Dopo un lungo dibattito, iniziato nel febbraio del 2016 e finalmente nell’autunno del 2017, l’amministrazione comunale di Livorno ha varato il proprio Regolamento sull’amministrazione condivisa dei beni comuni urbani, elaborato a partire dal prototipo fornito da Labsus e incentrato sul tema del welfare generativo.
Il testo normativo che ne è scaturito, se da un lato è un’ulteriore conferma della validità del modello di riferimento, dall’altro fornisce anche interessanti spunti di riflessione su alcune disposizioni che hanno invece carattere autonomo e originale. Già nella prima parte del regolamento, quella relativa alle definizioni e ai principi, emerge chiaramente come la discussione che si è animata nella città di Livorno nella fase embrionale di elaborazione dell’atto abbia dato i suoi frutti. Il quadro teorico che è alla base del regolamento è stata compreso e interiorizzato dai livornesi, tanto che l’amministrazione condivisa viene correttamente interpretata come la condivisione, su un piano paritario, di risorse e responsabilità (art. 2, c. 1, lett. a) per alcune ampie ipotesi di attività (art. 1, c. 1) concernenti la cura, la rigenerazione, il recupero, la manutenzione, l’abbellimento e la valorizzazione dei beni comuni urbani.

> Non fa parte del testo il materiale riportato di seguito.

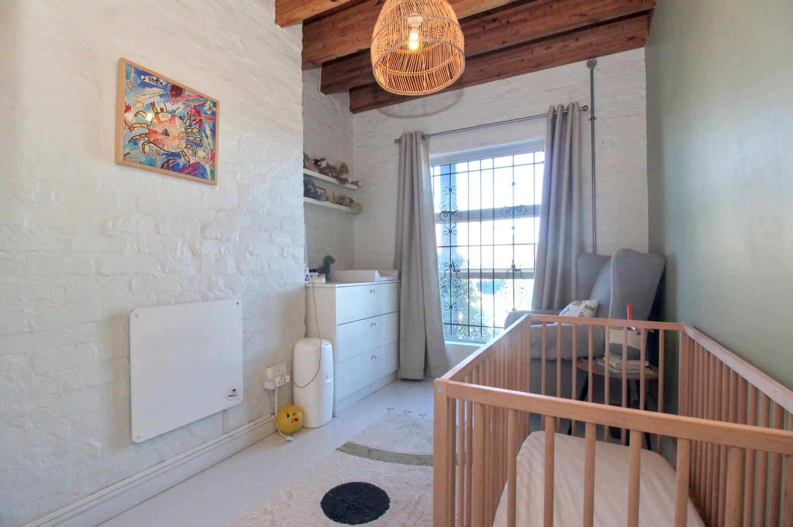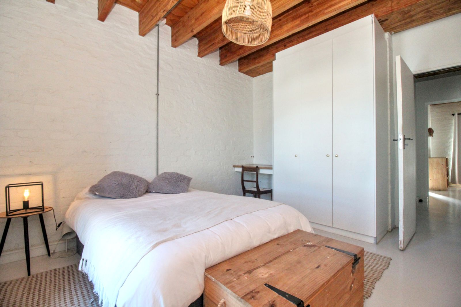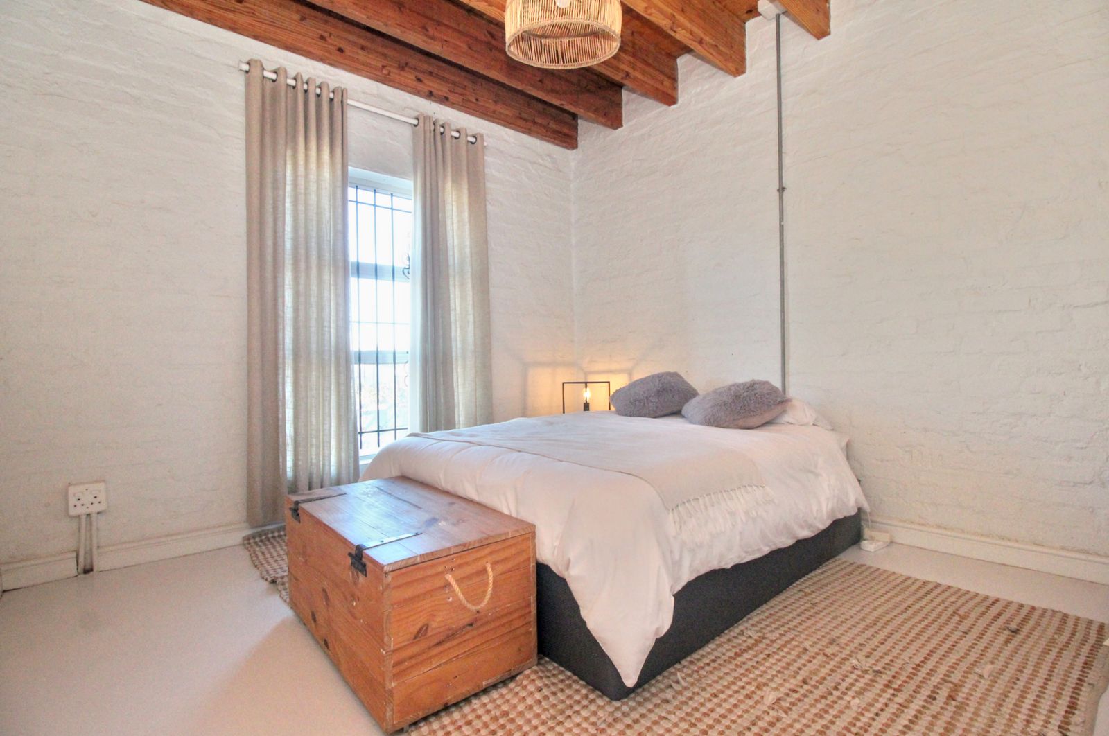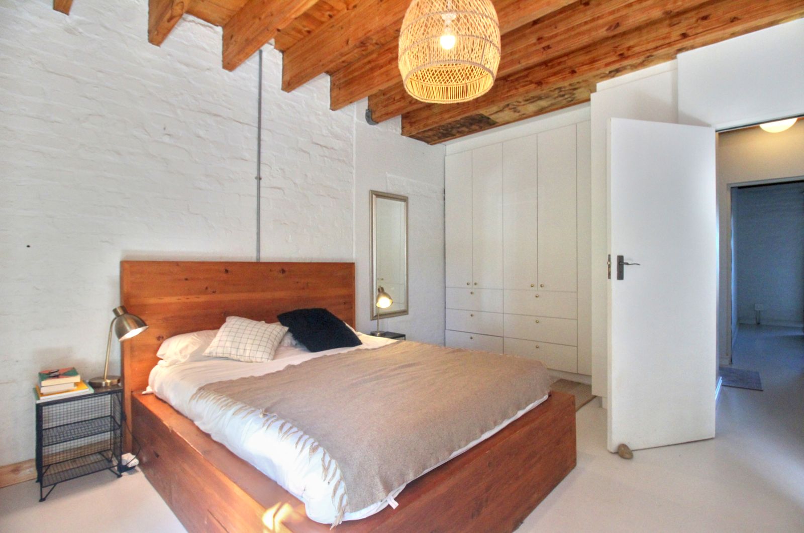 Exposed timber beams and natural wood floors bring warmth and character. White brick walls and open shelving keep the space bright and uncomplicated. The updates were done with a light hand, so the home feels current, but still rooted in its setting.

I cittadini attivi, singoli e associati
La personalizzazione del Regolamento ha, però, portato anche a scelte meno convincenti, come quella di puntare principalmente sull’attivismo civico dei soggetti costituiti in forme associative, anche di natura informale, che per vocazione sono già di fatto impegnati a favore della comunità. La definizione fornita dall’art. 2, c. 1, lett. d, si presenta molto ricca e include dalle associazione ai comitati, dalle fondazione alle cooperative, dalle realtà del Terzo Settore agli organi di partecipazione democratica, ma finisce per trattare l’ipotesi del cittadini attivo singolo – che può comunque svolgere attività di amministrazione condivisa – come sostanzialmente marginale e residuale. Le ragioni potrebbero essere comprese solo in prima battuta, se legate – come si crede – alla necessità di garantire adeguata copertura assicurativa in osservanza del Testo unico sulla sicurezza sul lavoro (i cui oneri ricadono sul legale rappresentate dell’ente associativo, ex art. 4). Ma sono, in definitiva, poco giustificabili alla luce della recente e importante sentenza della Corte dei Conti intervenuta proprio nell’autunno del 2017, che sposa l’ipotesi di una copertura a carica dell’ente comunale.
Obiettivo: Welfare generativo
Questa tensione a favore delle forme associative risponde, tuttavia, anche ad un’altra chiara ambizione del Regolamento livornese. Quella di porsi a contrafforte delle istituzioni democratiche, della partecipazione alla vita comunitaria, del senso civico in un’ottica di responsabilità collettiva. Non a caso viene enfatizzata la natura paritetica del rapporto tra amministrazione comunale e cittadini attivi (art. 3) e un’enfasi inusuale viene posta sul ruolo degli interessi privati, di cui i cittadini attivi sono portatori (art. 5). Inoltre, da un lato si richiama l’importanza di garantire la sostenibilità economica degli interventi attuati nell’ambito del Regolamento sui beni comuni, dall’altro viene anche stabilito – a chiare lettere – la natura non lucrativa delle attività svolte. Quest’anelito all’auto-responsabilizzazione – o, se si preferisce, all’empowerment – della comunità si riverbera poi anche nelle disposizioni che avanzano le istanze di un welfare generativo, il quale sollecita i soggetti destinatari dei sistemi di welfare, a realizzare azioni a vantaggio della collettività, in un’ottica di valorizzazione e condivisione circolare delle risorse iniettate nella società. A ulteriore conferma che, come sempre sostenuto da Labsus, i beni comuni – materiali e immateriali – sono quelli che “se arricchiti arricchiscono tutti e se impoveriti impoveriscono tutti”, welfare incluso.